Components of gas mixtures are frequently separated from the gas mixtures by PSA. Although PSA is generally more useful when the desired component is the least strongly adsorbed component, this gas separation technique can be successfully used when the desired component is more strongly adsorbed by the selected adsorbent than are the other components of the gas mixture. For example, carbon monoxide can be separated from gas mixtures containing, in addition to carbon monoxide, hydrogen, carbon dioxide, methane and nitrogen by means of cuprous ion-containing adsorbents. Such mixtures often occur in syngas, a hydrogen and carbon monoxide mixture produced in hydrocarbon reforming processes.
PSA processes are commonly carried out in elongate vessels having an inlet end and a nonadsorbed product outlet end and which are packed with a bed of particulate material which adsorbs one or more components of the gas mixture more strongly than it adsorbs one or more other components of the gas mixture. PSA processes include the basic steps of adsorption or production and adsorbent regeneration. During the adsorption step, the gas mixture to be separated is passed cocurrently through an adsorption vessel (in the direction from the inlet end towards the nonadsorbed product outlet end) at a selected adsorption pressure. The strongly adsorbed component(s) are adsorbed from the gas mixture as it passes through the vessel, and the nonadsorbed component(s) pass out of the vessel through the nonadsorbed product outlet. During the adsorbent regeneration step, the vessel is depressurized by releasing or withdrawing (evacuating) gas countercurrently (in the direction opposite the cocurrent direction) out of the vessel. The strongly adsorbed component(s) are removed from the vessel during the adsorbent regeneration step.
In addition to the basic steps, PSA processes generally have a number of additional steps. One important step is bed equalization, in which gas discharged from an adsorption vessel upon completion of the adsorption step (equalization-depressurization) is reintroduced in the vessel (or introduced into another vessel, in the case of multivessel systems) after completion of the adsorbent regeneration step (equalization-repressurization). During equalization, the gas can be removed from a vessel via its outlet end and reintroduced into the vessel via its outlet end (outlet-to-outlet equalization) or it can be removed from the vessel via its inlet end and reintroduced into the vessel via its inlet end (inlet-to-inlet equalization) or by other combinations of these. Conventional bed equalization serves two important purposes: it saves energy by using compressed gas released from an adsorption vessel after an adsorption step to partially repressurize the vessel for the adsorption step of the following cycle of the process, and it allows recovery of valuable partially fractionated gas component.

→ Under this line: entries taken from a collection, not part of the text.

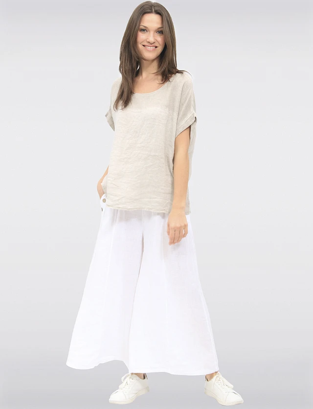 Chic Drop-Shoulder Cap Sleeve Linen Top with Folded Cuff Detail by Froccella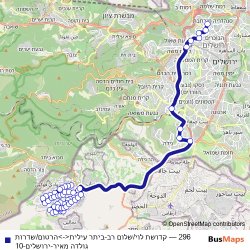 The first stop of the 296 bus route is קדושת לוי/שלום רב and the last stop is הרטום/שדרות גולדה מאיר. 296 (קדושת לוי/שלום רב-ביתר עילית<->הרטום/שדרות גולדה מאיר-ירושלים-10) is operational during כל יום.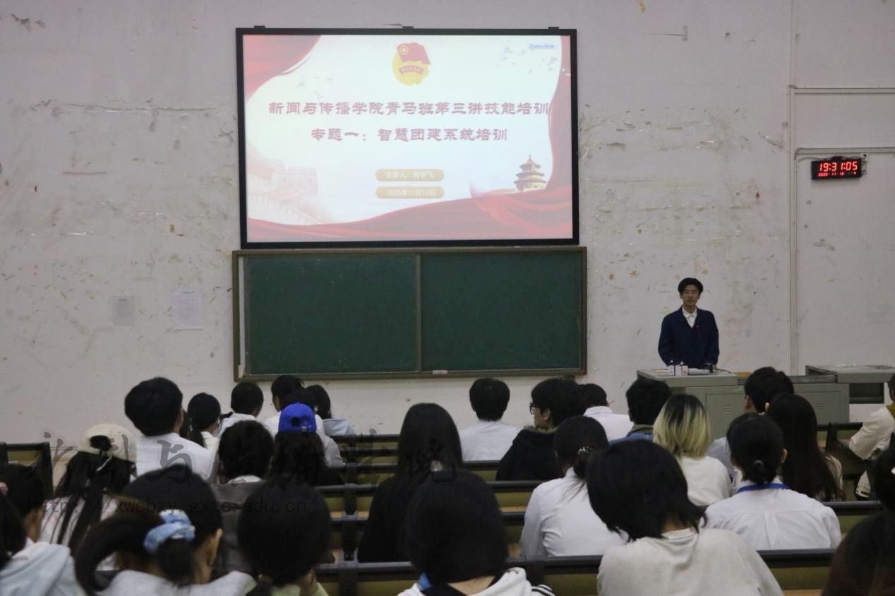 培训伊始,团委组织部部长肖宇飞围绕智慧团建系统展开讲解,详细介绍了教育实践、组织管理、团员团干部管理、团组织关系转接等核心板块的功能与操作流程。其次,他说明了团组织的管理工作直接关联评奖评优等关键事项,要求全体工作人员以严谨态度落实各项职责,确保工作规范高效。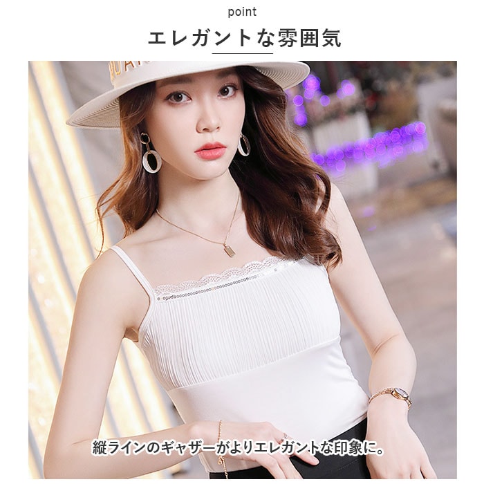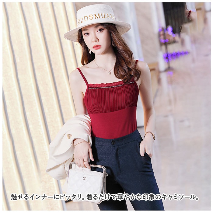 | 商品説明 | 魅せるインナーにピッタリ。着るだけで華やかな印象のキャミソール。【魅せるインナー】胸元にキラリと光るスパンコールと、女性らしさ際立つ上品なレースデザインがアクセント♪【エレガントな雰囲気】縦ラインのギャザーがよりエレガントな印象に。【ストレッチ性】サラッとした生地感。程よくストレッチ性があり、ボディラインに心地よくフィット。【心地よい着用感】素肌に触れても快適!滑らかな肌触りでオールシーズン活躍。【自分サイズにフィット】肩紐を自由に調節可能。お好みや身長に合わせて丈感を微調整◎【お手入れ簡単】自宅で手洗いできるから、お手入れラクラク。乾きが早いのも嬉しいポイント。【大人な仕上がり】どなたでも着用しやすいモノトーンカラーからアクセントカラーまで。ジャケットやブラウスのインナーに合わせるだけで大人な雰囲気に。【使い勝手抜群】高級感あるディテールなので、デイリーからフォーマルシーンまで使えるので1枚持っているととっても便利。 |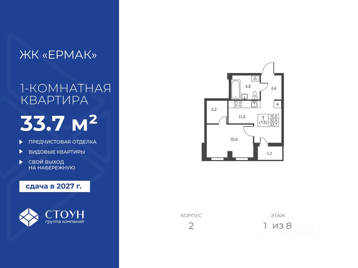 Продается однокомнатная квартира в жилом комплексе "Ермак" от ГК СТОУН нa 1 этаже. Общaя площадь cоcтaвляeт 33.70 кв. м.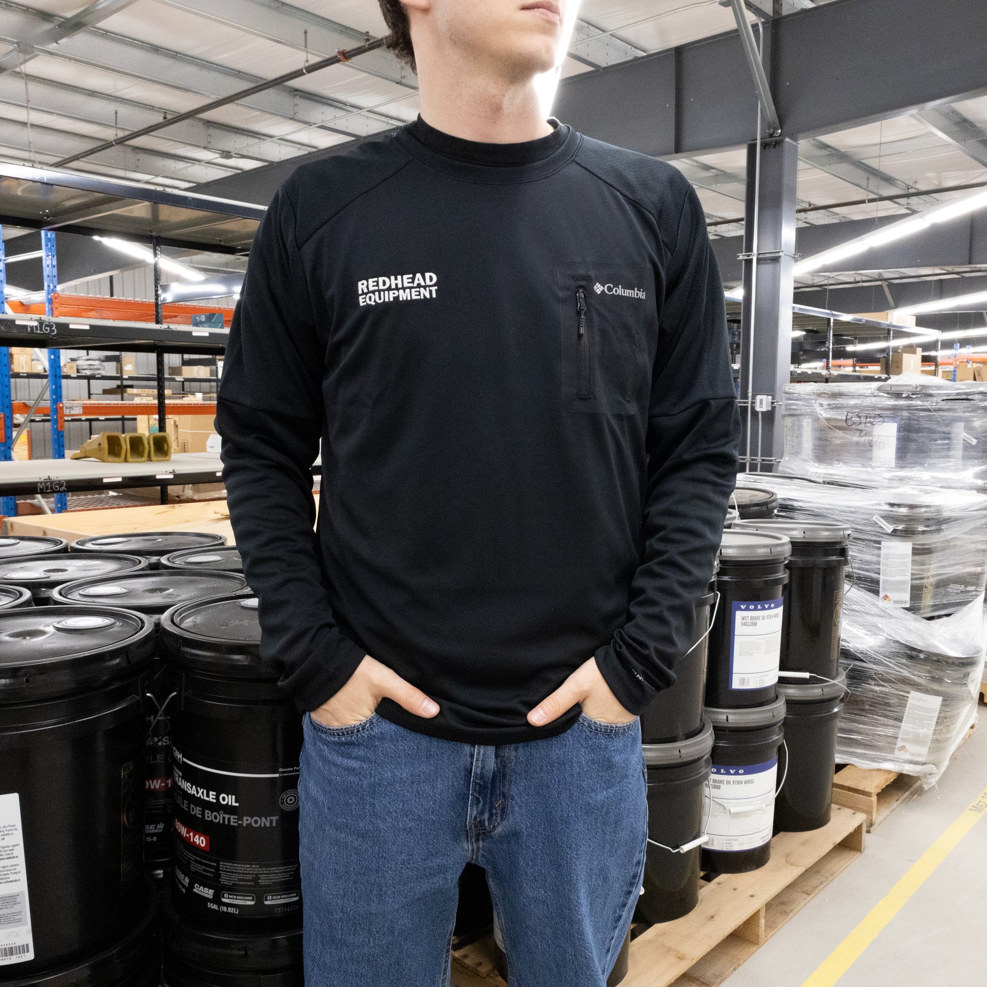 Rock the trails in style with this Columbia Tech Long Sleeve, featuring the iconic Redhead Stacked Logo proudly displayed on the left chest. Built with Columbia's advanced moisture-wicking technology, this black longsleeve keeps you dry and comfortable whether you're hiking, working, or just hanging out. The sleek design pairs performance with that unmistakable Redhead Equipment flair—because looking good and staying functional shouldn't be mutually exclusive. Perfect for layering or wearing solo, this versatile piece is ready for whatever adventure comes your way.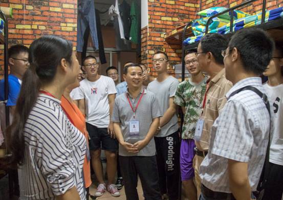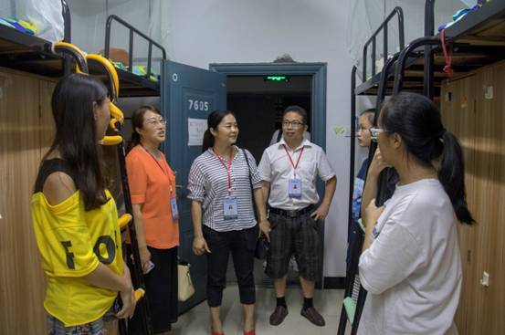 9月16日晚上,电气信息学院领导班子来到滨江学生公寓,集体下寝慰问新生,将学院的关怀送入新生寝室。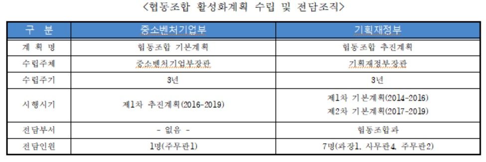 [아시아경제 김대섭 기자] 소상공인과 중소기업 협동조합 지원 정책을 담당하는 중소벤처기업부에 전담자가 단 1명에 불과해 제대로 된 협동조합 정책을 펼 수 없다는 지적이 나왔다.12일 국회 산업통상자원중소벤처기업위원회 소속 박정 의원실에 따르면, 소상공인과 중소기업 협동조합을 담당하며 400억원의 예산을 집행하는 중기부에는 전담부서가 없는 것으로 나타났다. 이와 비교해 예산 47억원을 집행하는 기획재정부에는 7명으로 구성된 협동조합과가 있다.중기부 장관은 중소기업협동조합법에 따라 3년마다 '협동조합 활성화 추진계획'을 수립해야 한다. 하지만 전담조직도 없이 담당자 1명이 정책을 기획ㆍ시행하고 있어 각 지원사업에 대한 종합적인 정책판단이 부재한 상황에서 예산을 집행하고 있는 셈이다.기재부의 협동조합 사무는 협동조합기본법에 의한 기본계획 수립과 실태조사가 핵심이고 주요정책 집행은 중기부가 하고 있다. 부대업무는 중간지원조직에 위탁하고 있어 협동조합활성화를 위한 기재부의 역할에는 한계가 있다.박정 의원은 "협동조합의 중요성이 날로 커지고 있는 상황에서 기재부는 국가 경제정책 컨트롤타워로서 본연의 기능을 수행하고 협동조합 사무는 현장성과 전문성을 가진 중기부로 이관하는 문제를 검토할 시점이 왔다"며 "중기부에 협동조합 전담부서를 설치해 중소기업ㆍ소상공인의 경쟁력 강화로 이어지는 협동조합 정책을 시행해야 한다"고 지적했다.김대섭 기자 joas11@asiae.co.kr<ⓒ세계를 보는 창 경제를 보는 눈, 아시아경제(www.asiae.co.kr) 무단전재 배포금지>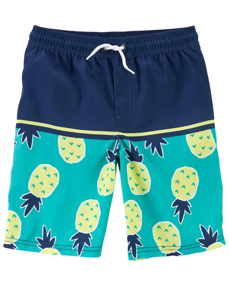 Traga mais conforto e estilo ao seu baby com a Bermuda água infantil de abacaxi e elástico multicor | Carter's. Feita de tactel, a bermuda é ideal para curtir a praia, conta com cós de elástico, cordão de amarração e seu destaque se encontra na estampa de abacaxis. Aposte!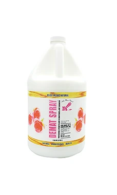 This all-natural biodegradable RTU Demat Spray is proudly made in the USA! Demat Spray will eliminate all mats and tangles on any types of fur while conditioning and strengthening the coat. With a 50:1 concentrate you’ll be sure to save money while controlling static and providing UV protection.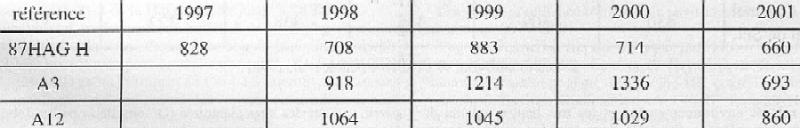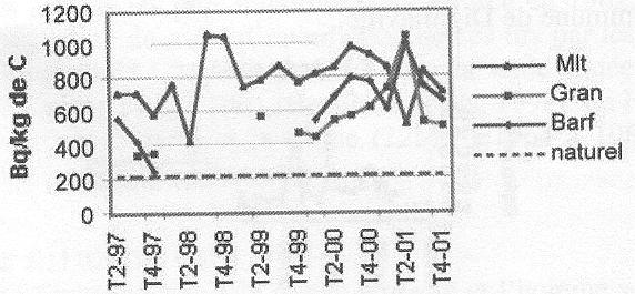 1998 (2540 Bq/kg de C) suivent la même loi.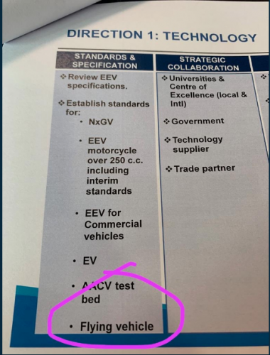 凯里昨日在其推特贴出国家汽车政策检讨会议内容,其中一项讨论项目是关于飞行车计划。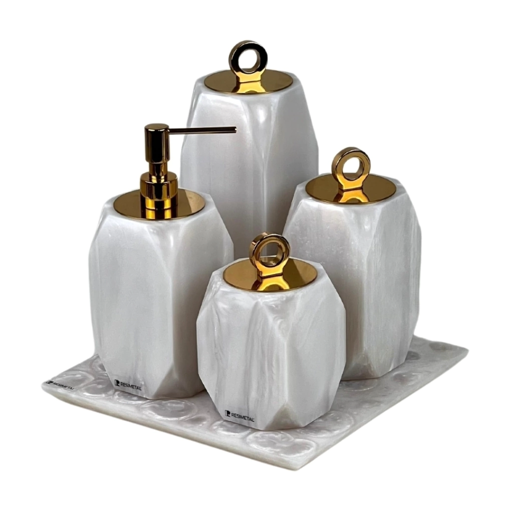 Nosso conjunto suíte traz a praticidade que você precisa em seu banheiro, sem abrir mão do estilo e da sofisticação. Com quatro peças essenciais, uma saboneteira, um porta escova, um porta cotonete e um porta algodão, você terá todos os itens organizados e sempre à mão. Adicione um toque de classe ao seu banheiro com nosso conjunto suíte.

Another step that enhances the efficiency of adsorption processes is the purge or rinse step. This step generally assists in the regeneration of the adsorbent, and it can take place before, during, or after the countercurrent depressurization step. When the primary purpose of the PSA process is to recover nonadsorbed product, the purge is carried out by passing low pressure nonadsorbed product gas countercurrently through the adsorption vessel during or after the countercurrent depressurization step. When the primary product is the strongly adsorbed component of the mixture, the purge step is carried out by passing strongly adsorbed gas cocurrently through the vessel before, during or after countercurrent depressurization of the vessel. In any event, the purge step serves to remove additional undesired component from the adsorbent by increasing the partial pressure of the desired component in the vessel, thereby causing desorption of undesired component from the adsorbent, and by flushing undesired component from the vessel.
When a PSA process is practiced to recover a strongly adsorbed component from a gas mixture and the gas mixture contains more than one component that is preferentially adsorbed by the adsorbent, it is difficult to recover the desired component in high purity and at high yield. Improvements which enhance the purity and yield of strongly adsorbed products produced in PSA processes are continually sought. The present invention provides such an improvement.